### Material provided
####

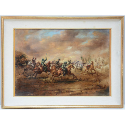 Firma indecifrata, "Battaglia risorgimentale", olio su tela (cm 50x69) firmato in basso a sinistra, in cornice
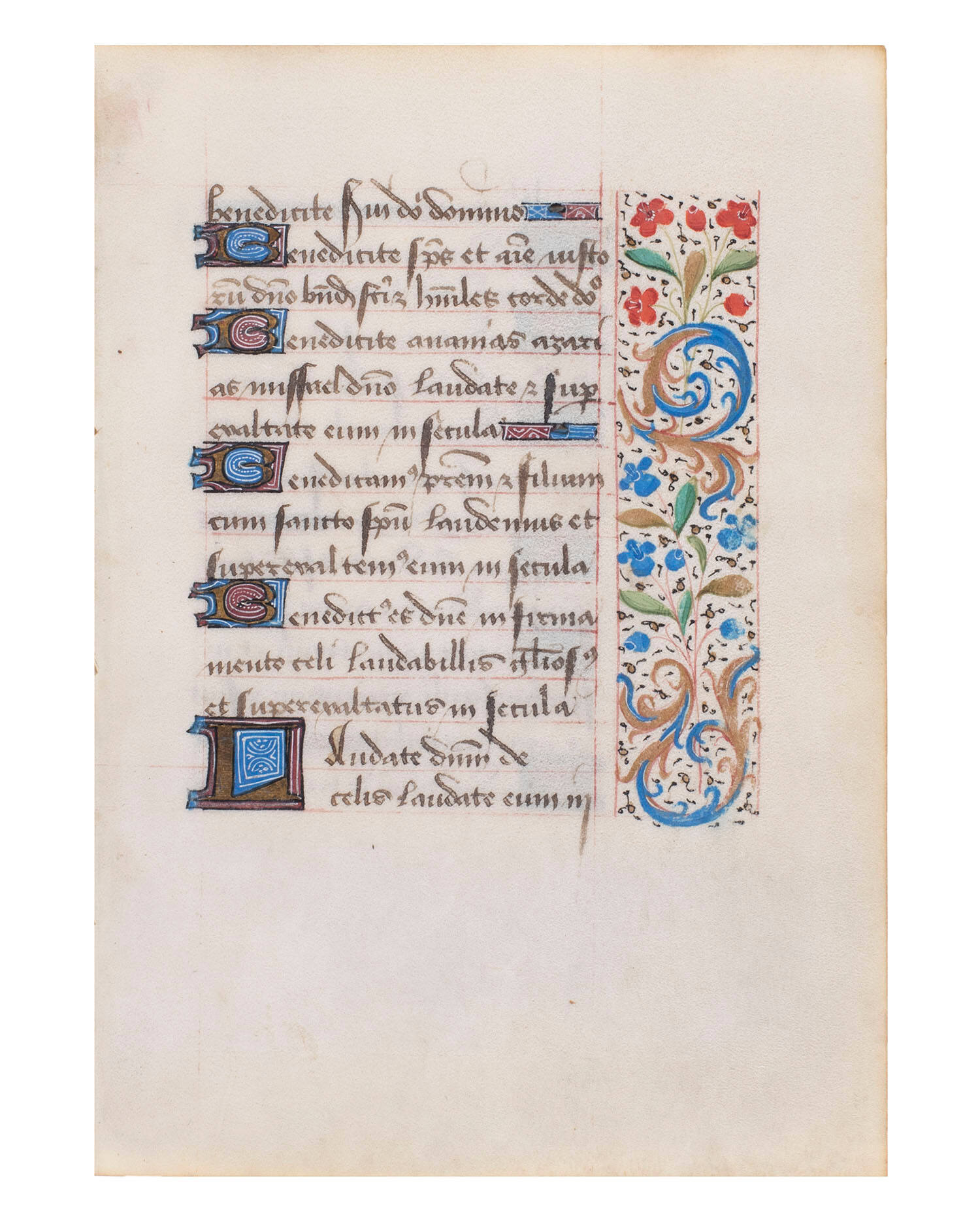 Label TextBy the early sixteenth century,Books of Hours were being printed, but there was still a demand for elaborate illuminated manuscripts. On this leaf, the page is accented by the bold flourished initials. The text has its own contained space besides the pretty floral border.mid 15th century
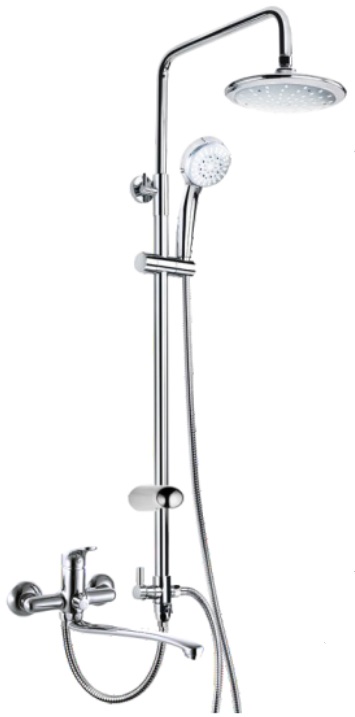 Смеситель для ванны и душа ЦС-СМ 300-4 от подольской производственно-торговой группы "Центр Сантехники" предназначен для использования в ванных комнатах и представляет собой смеситель для ванны с длинным изливом и душевую стойку с душевой лейкой на гибком шланге и верхней лейкой "тропический дождь".

####

### Goal of the exercise
Write the data above out exactly. Leave out any pictures.

### Exercise output
 Firma indecifrata, "Battaglia risorgimentale", olio su tela (cm 50x69) firmato in basso a sinistra, in cornice
 Label TextBy the early sixteenth century,Books of Hours were being printed, but there was still a demand for elaborate illuminated manuscripts. On this leaf, the page is accented by the bold flourished initials. The text has its own contained space besides the pretty floral border.mid 15th century
 Смеситель для ванны и душа ЦС-СМ 300-4 от подольской производственно-торговой группы "Центр Сантехники" предназначен для использования в ванных комнатах и представляет собой смеситель для ванны с длинным изливом и душевую стойку с душевой лейкой на гибком шланге и верхней лейкой "тропический дождь".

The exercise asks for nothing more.